Density, distribution function, quantile function,
random generation and hazard function for the Marshall-Olkin Extended Weibull distribution
with parameters mu
, sigma
and nu
.
Usage
dMOEW(x, mu, sigma, nu, log = FALSE)
pMOEW(q, mu, sigma, nu, lower.tail = TRUE, log.p = FALSE)
qMOEW(p, mu, sigma, nu, lower.tail = TRUE, log.p = FALSE)
rMOEW(n, mu, sigma, nu)
hMOEW(x, mu, sigma, nu)
Arguments
- x, q
vector of quantiles.
- mu
parameter.
- sigma
parameter.
- nu
parameter.
- log, log.p
logical; if TRUE, probabilities p are given as log(p).
- lower.tail
logical; if TRUE (default), probabilities are P[X <= x], otherwise, P[X > x].
- p
vector of probabilities.
- n
number of observations.
Value
dMOEW
gives the density, pMOEW
gives the distribution
function, qMOEW
gives the quantile function, rMOEW
generates random deviates and hMOEW
gives the hazard function.
Details
The Marshall-Olkin Extended Weibull distribution mu
,
sigma
and nu
has density given by
\(f(x) = \frac{\mu \sigma \nu (\nu x)^{\sigma - 1} exp\{{-(\nu x )^{\sigma}}\}}{\{1-(1-\mu) exp\{{-(\nu x )^{\sigma}}\} \}^{2}},\)
for x > 0.
References
Almalki SJ, Nadarajah S (2014). “Modifications of the Weibull distribution: A review.” Reliability Engineering & System Safety, 124, 32--55. doi:10.1016/j.ress.2013.11.010 .

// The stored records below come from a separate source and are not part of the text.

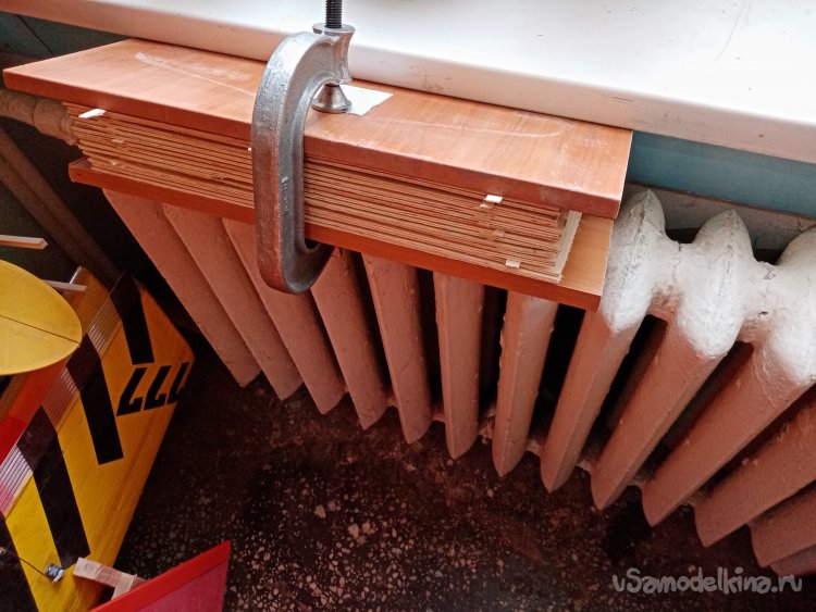 Некоторые стенки имеют кривизну. Немного брызгаю водой из цветочного пульвизатора, складываю стопкой, обкладываю сверху и с низу досками и зажав струбцинами помещаю на батарею. Зимой высохнут хорошо.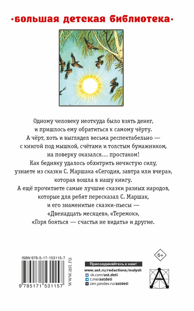 На сегодняшний день товар «Книга: Сегодня завтра или вчера. Сказки (Маршак Самуил Яковлевич); АСТ, 2023» можно купить с кешбеком в 4 магазинах: book24, Буквоед, Яндекс.Маркет, Читай-город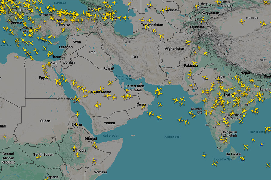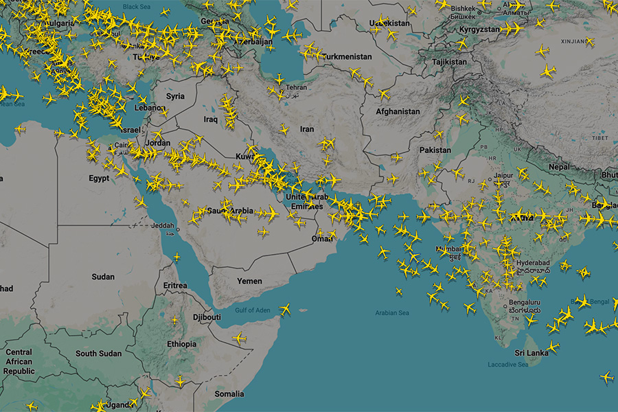 Появилась карта изменившихся маршрутов самолетов из-за конфликта с Ираном

M.E G, E.K A, R.A J (2005). “Marshall–Olkin extended weibull distribution and its application to censored data.” Journal of Applied Statistics, 32(10), 1025--1034. doi:10.1080/02664760500165008 .
Author
Amylkar Urrea Montoya, amylkar.urrea@udea.edu.co
Examples
old_par <- par(mfrow = c(1, 1)) # save previous graphical parameters
## The probability density function
curve(dMOEW(x, mu=0.5, sigma=0.7, nu=1), from=0.001, to=1,
col="red", ylab="f(x)", las=1)
## The cumulative distribution and the Reliability function
par(mfrow=c(1, 2))
curve(pMOEW(x, mu=0.5, sigma=0.7, nu=1),
from=0.0001, to=2, col="red", las=1, ylab="F(x)")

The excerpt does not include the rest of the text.